Seiring dengan berjalannya waktu, ada satu hal yang menjadi tugas kita sekarang, yaitu bagaimana cara kita baik masyarakat maupun pemerintah Aceh untuk dapat menjaga, mempertahankan secara utuh serta memperkuat PerDa Syariah yang telah disepakati. Karena bagaimanapun timbulnya konflik akan PerDa Syariah lahir dari mulut oknum-oknum yang tidak setuju akan diberlakukannya PerDa Syariah. Maka kita harus paham bahwa Polemik tentang PerDa Bernuansa Syariat Islam selama ini lebih banyak berkutat pada debat analisis materi PerDa.Â
Bagi yang Pro, teks PerDa yang demikian diyakini sejalan dengan kebutuhan regulasi lokal dan kehendak masyarakat setempat. Bagi yang Kontra, isi PerDa macam itu dicemaskan melanggar hak-hak dasar warga, memperkeruh toleransi antar-Agama, bahkan lebih jauh, mengancam keutuhan Bangsa maupun Negara. Maka sikap menjaga akan PerDa ini ialah langkah kecil dalam mewujudkan dan memaksimalkan provinsi Aceh dalam bingkai Dinul Islam.
Memaknai Perkembangan Islam di AcehÂ
Dalam diskursus memaknai perkembangan Islam di Aceh saat ini, maka tidak berlebihan jika kita menyebutkan bahwa sesungguhnya suksesnya pemberlakuan Syariah islam merupakan gengsi bagi umat Islam di Aceh sendiri. Karena dampak kedepannya Aceh akan menjadi contoh bagi daerah-daerah lain dalam menerapkan Syariah Islam dalam mengulang kesuksesan Qanun Al-Asyi pada masa kesultanan Samudera Pasai. Karena memang, Syariah adalah produk ijtihad ulama yang disesuaikan dengan situasi dan kondisi yang berkembang di masyarakat. Dan Mau tidak mau tugas ini harus didukung oleh semua stakeholders terutama pemerintah daerah Aceh baik untuk mempertahankan maupun misi untuk mengembangkan Syariah Islam di Aceh.

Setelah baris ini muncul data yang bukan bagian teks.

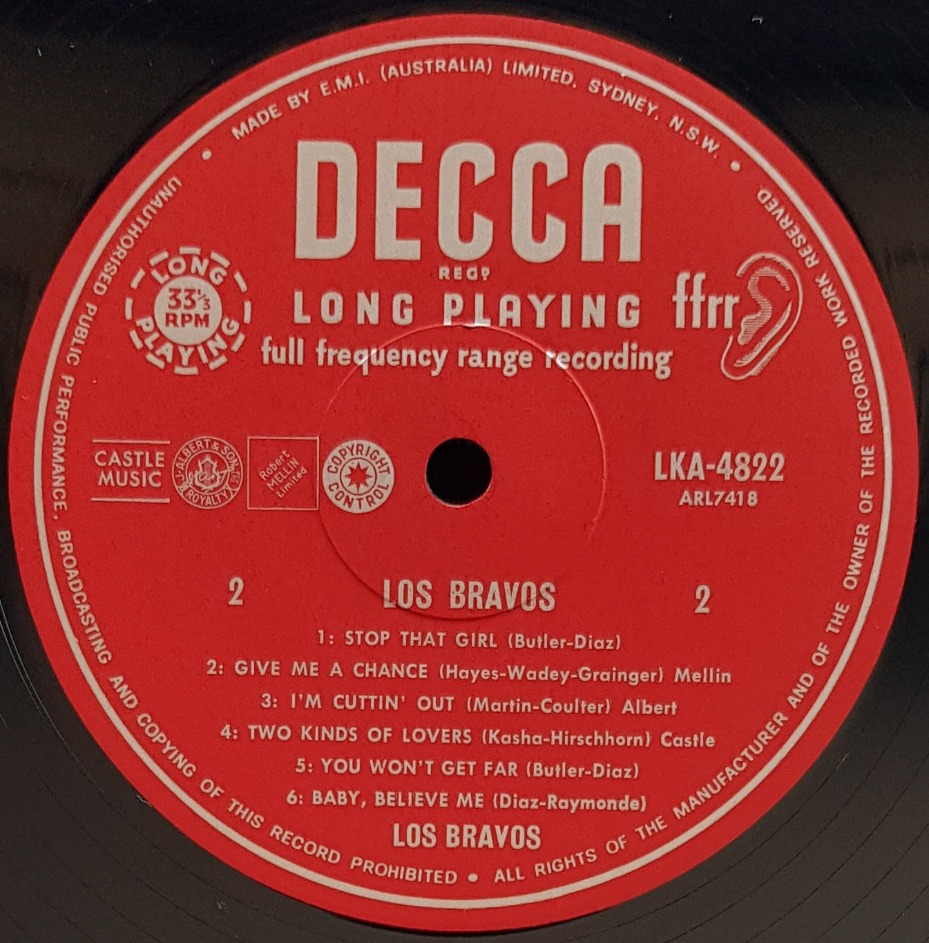 1966 Decca LKA 4822. Minor ring mark & deletion stamp on rear.

Bagaimanapun, adanya berbagai macam hal positif  diatas belum dapat menutupi adanya pandangan negatif dari pihak-pihak tertentu, masih ada banyak oknum yang beranggapan bahwa Penerapan Syariah Islam di Aceh belum menunjukan prospek yang cerah dalam menanggulangi segala permasalahan yang dirasakan oleh masyarakat Aceh secara luas, seperti penanggulangan korupsi dan peningkatan kesejahteraan. Tetapi baik buruknya pandangan tersebut, optimisme masih harus terus dipupuk demi mewujudkan cita-cita menciptakan Aceh dalam bingkai Dinul Islam
Dari berbagai persoalan yang tertulis diatas, maka dapat ditarik kesimpulan bahwa dalam kita mewujudkan Aceh dalam bingkai Dinul Islam, yang menjadi tugas utama bukanlah menciptakan hal-hal baru dalam sistem pemerintahan, namun lebih kepada menjaga hal-hal kecil yang menjadi dasar lahirnya penerus-penerus yang berjiwa Islami. Sehingga dampak yang akan dirasakan kedepannya adalah akan mudah bagi Aceh untuk menerapkan, menjaga serta mengembangkan pola peraturan secara Syariah di bumi Serambi Mekah.